● EXERCISE DESCRIPTION
Print every record below exactly as it stands, but leave out the pictures.

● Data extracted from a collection
*** Block opens ***

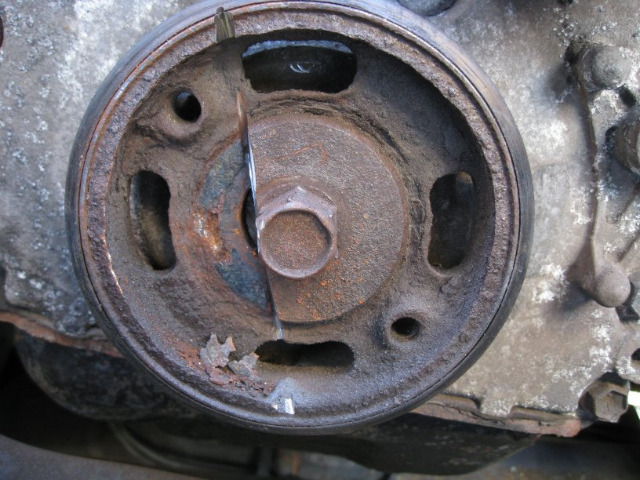 I suspect a previous owner had been driving through water- just look how corroded the pulley was. The flange on the bolt had rusted solid to the pulley, once the flange was off it lost its tension and there was nothing holding it so I undid it with my fingers.
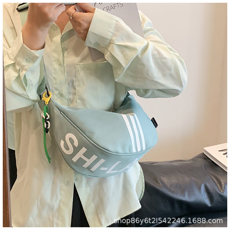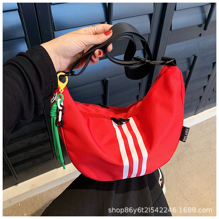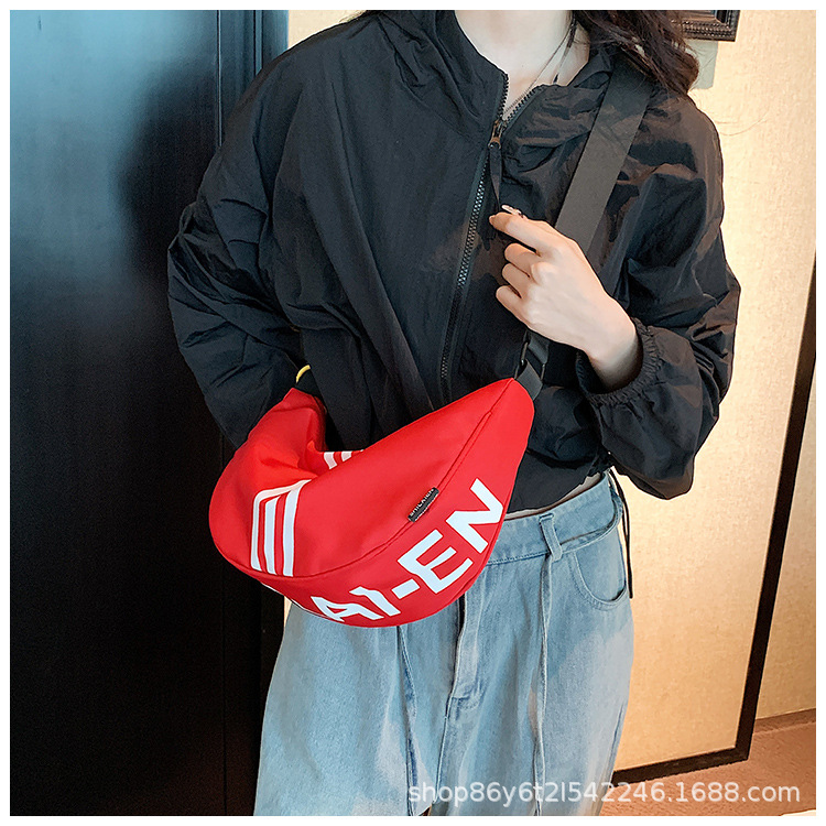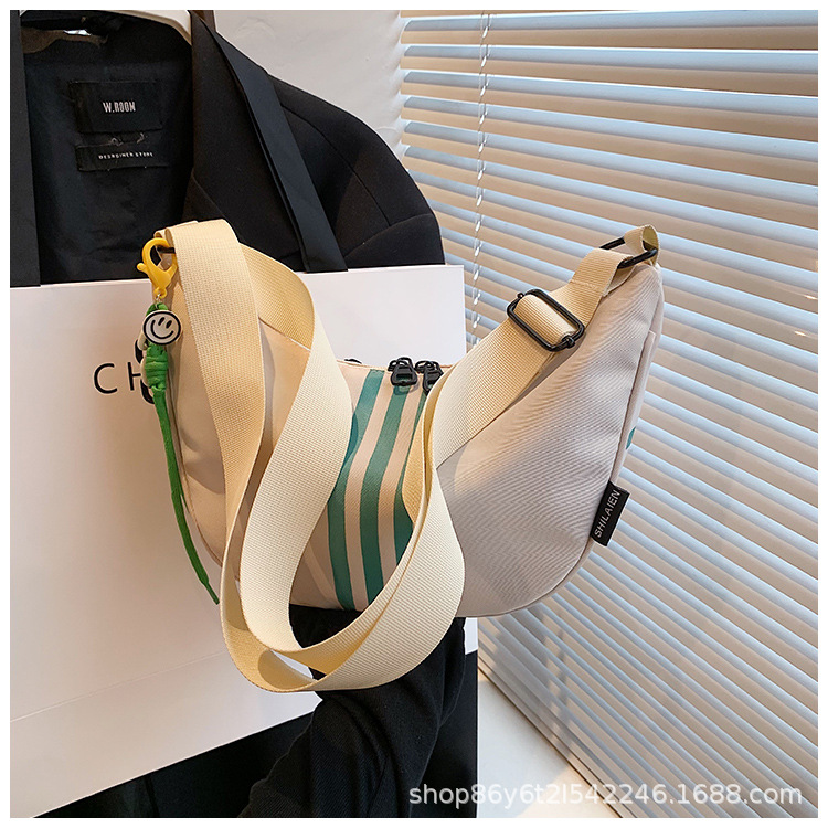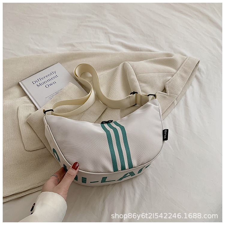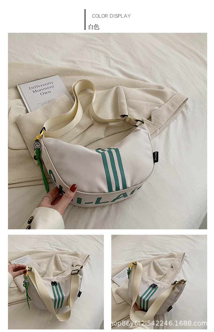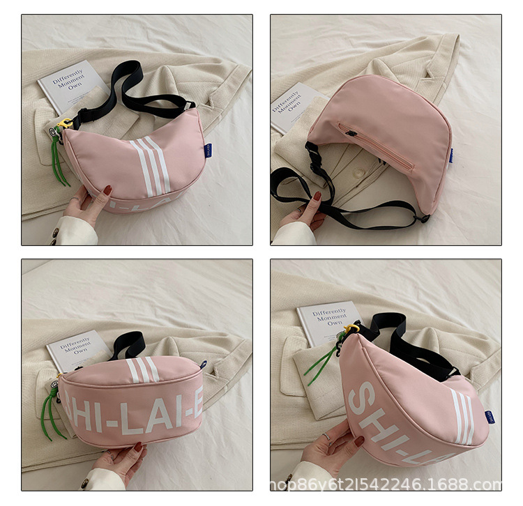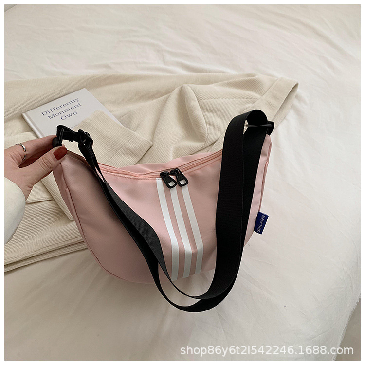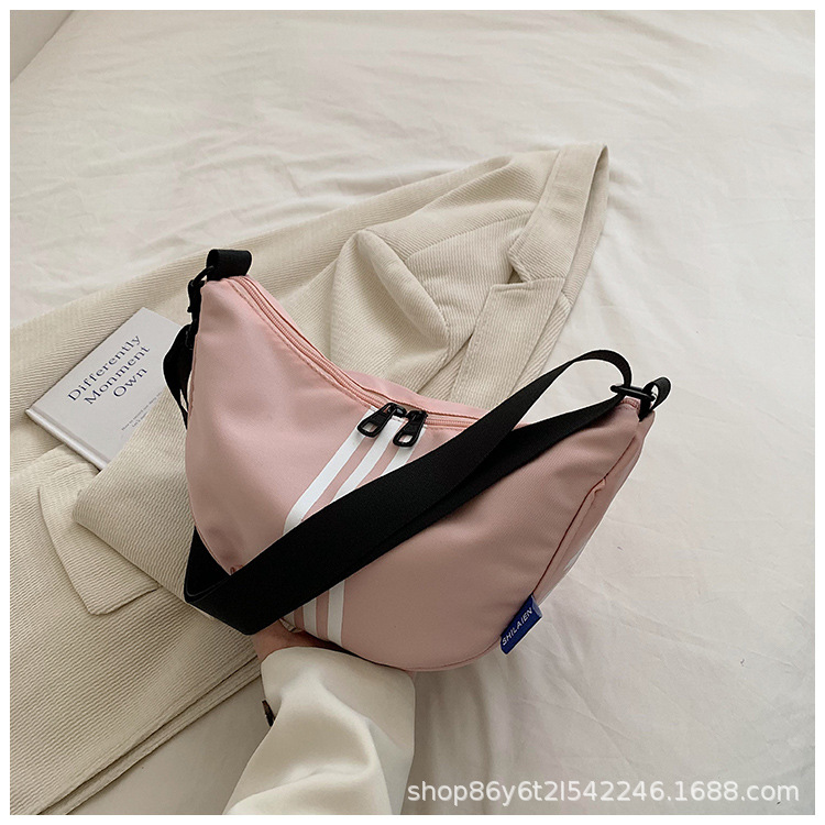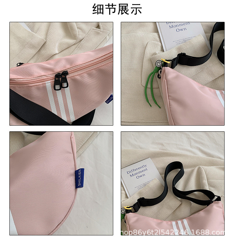 대용량 3 바 대조 컬러 나일론 캔버스 가방 여성의 새로운 패션 올 매치 캐주얼 어깨 크로스 바디 만두 백
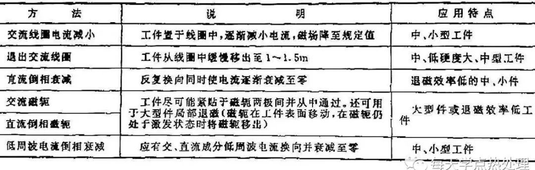 檢測過程中,若有前次磁化的殘留剩磁可能會影響磁痕痕跡。因此,在兩次連續(xù)操作之間應(yīng)對被檢工件做退磁處理。檢測后不允許有剩磁的被檢物也必須退磁處理。退磁法方法列于表5。
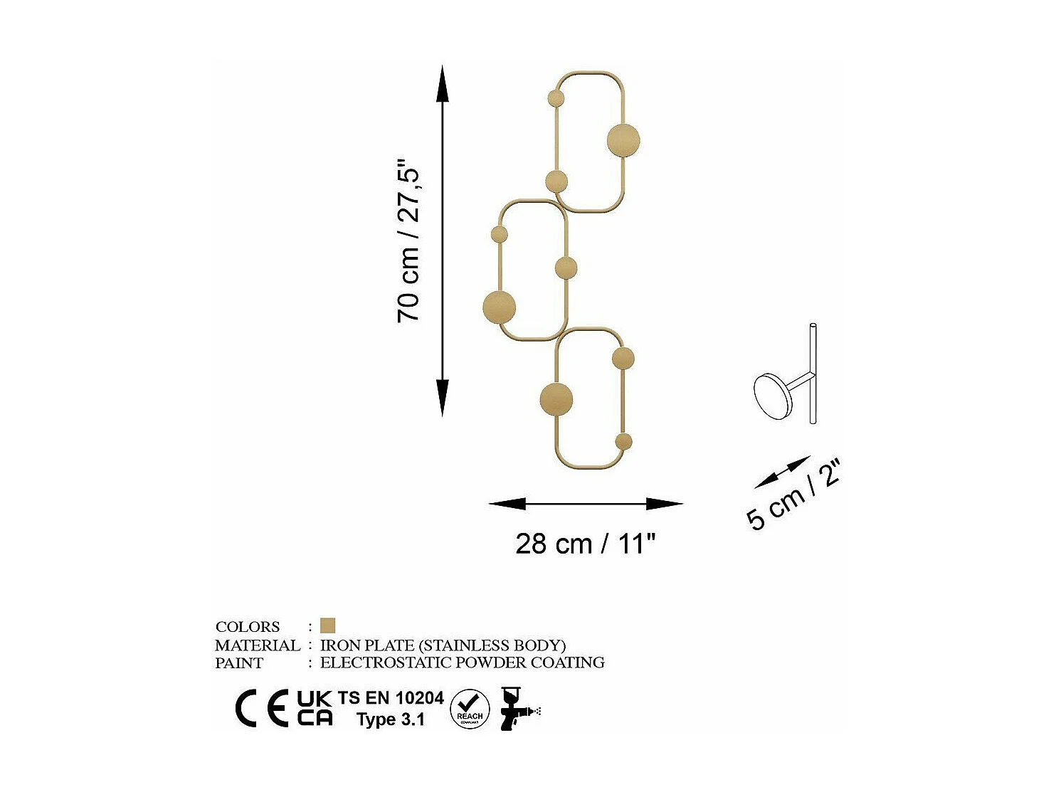 Porte manteaux mural 9 patères en métal doré H64 cm - SAMARA
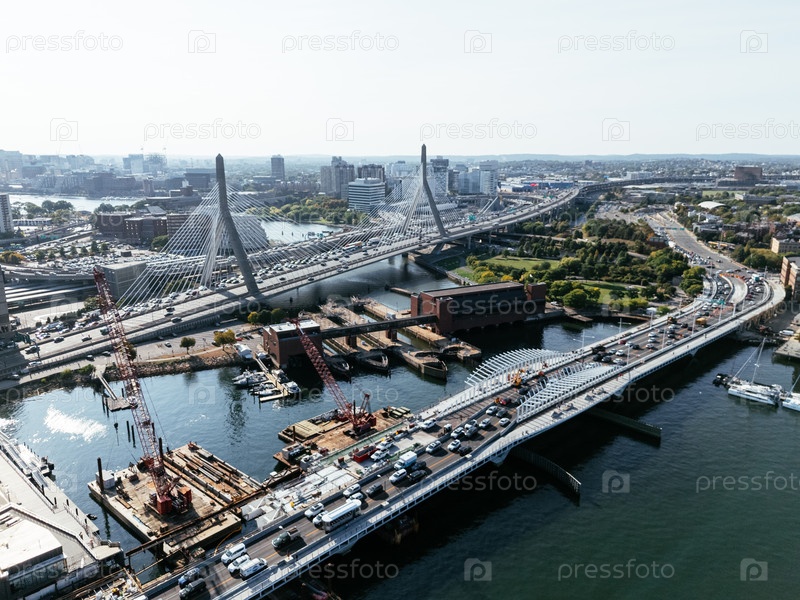 Вид из воздуха на город Бостон, мосты и реку с горизонтом в солнечном свете
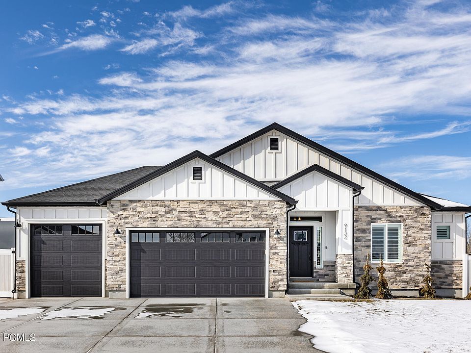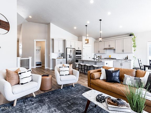 A beautiful, modern designed Rambler is now available in a highly sought-after neighborhood in West Jordan! Centrally located to the freeway, main corridors, restaurants, shopping, schools and parks, this home offers a defined style inside and out, and mountain views in every direction! The garage comes ready with epoxy coating flooring, painted walls, extra-length in 3rd car garage and extra-long RV pad, ideal for families that own adventurous toys! Also offering features such as, an open concept floor plan with vaulted ceilings, great-room and cozy fireplace! The kitchen gives a spacious and inviting feel with an over-sized island, chef-type stainless-steel appliances and extra cabinetry with walk-in pantry. From commercial grade LVP flooring throughout, to sleek contemporary lighting, and electric blinds throughout, this home won't last! The owner's suite offers a lot of natural light, a spa-like bathroom with double sinks, separate tub/shower and a walk-in closet.
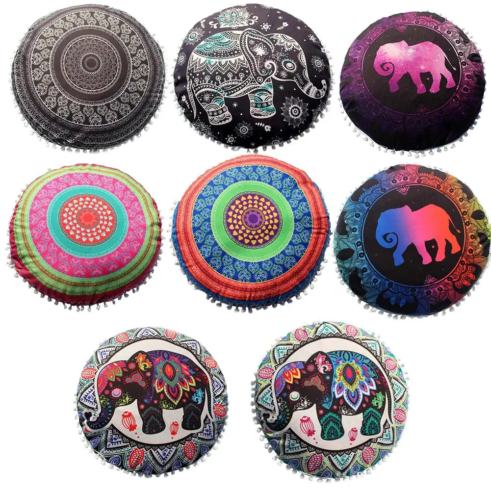 Богемный круглый чехол для подушки Мандала слон круглый чехол для подушки Чехол для гостиной украшение для пола
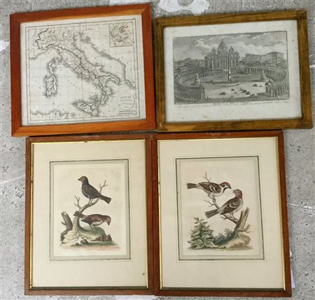 Lotto di quattro stampe di soggetto, misure ed epoche diverse (difetti)
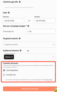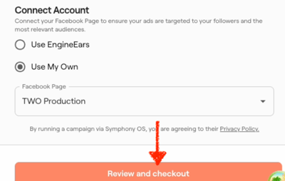 15. You Facebook Page has now been successfully connected to your EngineEars account and granted permissions to run ad campaigns. Follow these steps to configure your ad campaign to promote your services, or to promote your release. The Review and Checkout button will be enabled, click on it to proceed with payment and starting your ad campaign.
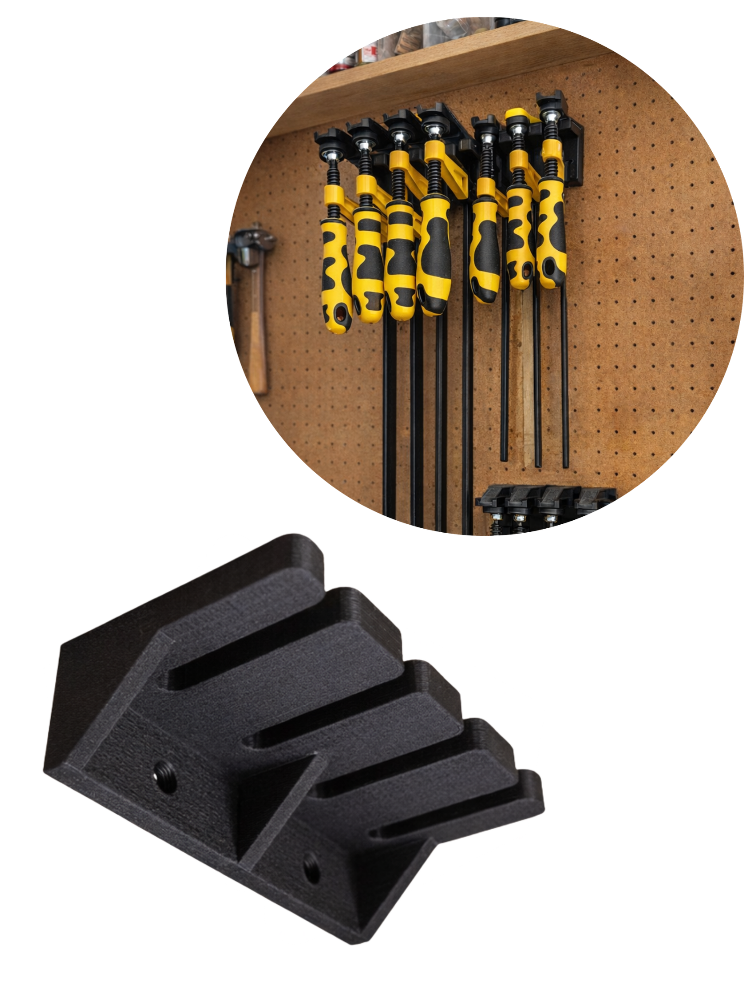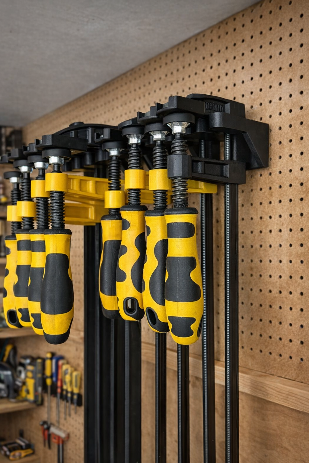 Kompaktowy uchwyt ścienny na 4 ściski typu F. Idealny do małych warsztatów, gdzie liczy się porządek i szybki dostęp do narzędzi.

*** Block closes ***

● ANSWER TO THE EXERCISE
 I suspect a previous owner had been driving through water- just look how corroded the pulley was. The flange on the bolt had rusted solid to the pulley, once the flange was off it lost its tension and there was nothing holding it so I undid it with my fingers.
 대용량 3 바 대조 컬러 나일론 캔버스 가방 여성의 새로운 패션 올 매치 캐주얼 어깨 크로스 바디 만두 백
 檢測過程中,若有前次磁化的殘留剩磁可能會影響磁痕痕跡。因此,在兩次連續(xù)操作之間應(yīng)對被檢工件做退磁處理。檢測后不允許有剩磁的被檢物也必須退磁處理。退磁法方法列于表5。
 Porte manteaux mural 9 patères en métal doré H64 cm - SAMARA
 Вид из воздуха на город Бостон, мосты и реку с горизонтом в солнечном свете
 A beautiful, modern designed Rambler is now available in a highly sought-after neighborhood in West Jordan! Centrally located to the freeway, main corridors, restaurants, shopping, schools and parks, this home offers a defined style inside and out, and mountain views in every direction! The garage comes ready with epoxy coating flooring, painted walls, extra-length in 3rd car garage and extra-long RV pad, ideal for families that own adventurous toys! Also offering features such as, an open concept floor plan with vaulted ceilings, great-room and cozy fireplace! The kitchen gives a spacious and inviting feel with an over-sized island, chef-type stainless-steel appliances and extra cabinetry with walk-in pantry. From commercial grade LVP flooring throughout, to sleek contemporary lighting, and electric blinds throughout, this home won't last! The owner's suite offers a lot of natural light, a spa-like bathroom with double sinks, separate tub/shower and a walk-in closet.
 Богемный круглый чехол для подушки Мандала слон круглый чехол для подушки Чехол для гостиной украшение для пола
 Lotto di quattro stampe di soggetto, misure ed epoche diverse (difetti)
 15. You Facebook Page has now been successfully connected to your EngineEars account and granted permissions to run ad campaigns. Follow these steps to configure your ad campaign to promote your services, or to promote your release. The Review and Checkout button will be enabled, click on it to proceed with payment and starting your ad campaign.
 Kompaktowy uchwyt ścienny na 4 ściski typu F. Idealny do małych warsztatów, gdzie liczy się porządek i szybki dostęp do narzędzi.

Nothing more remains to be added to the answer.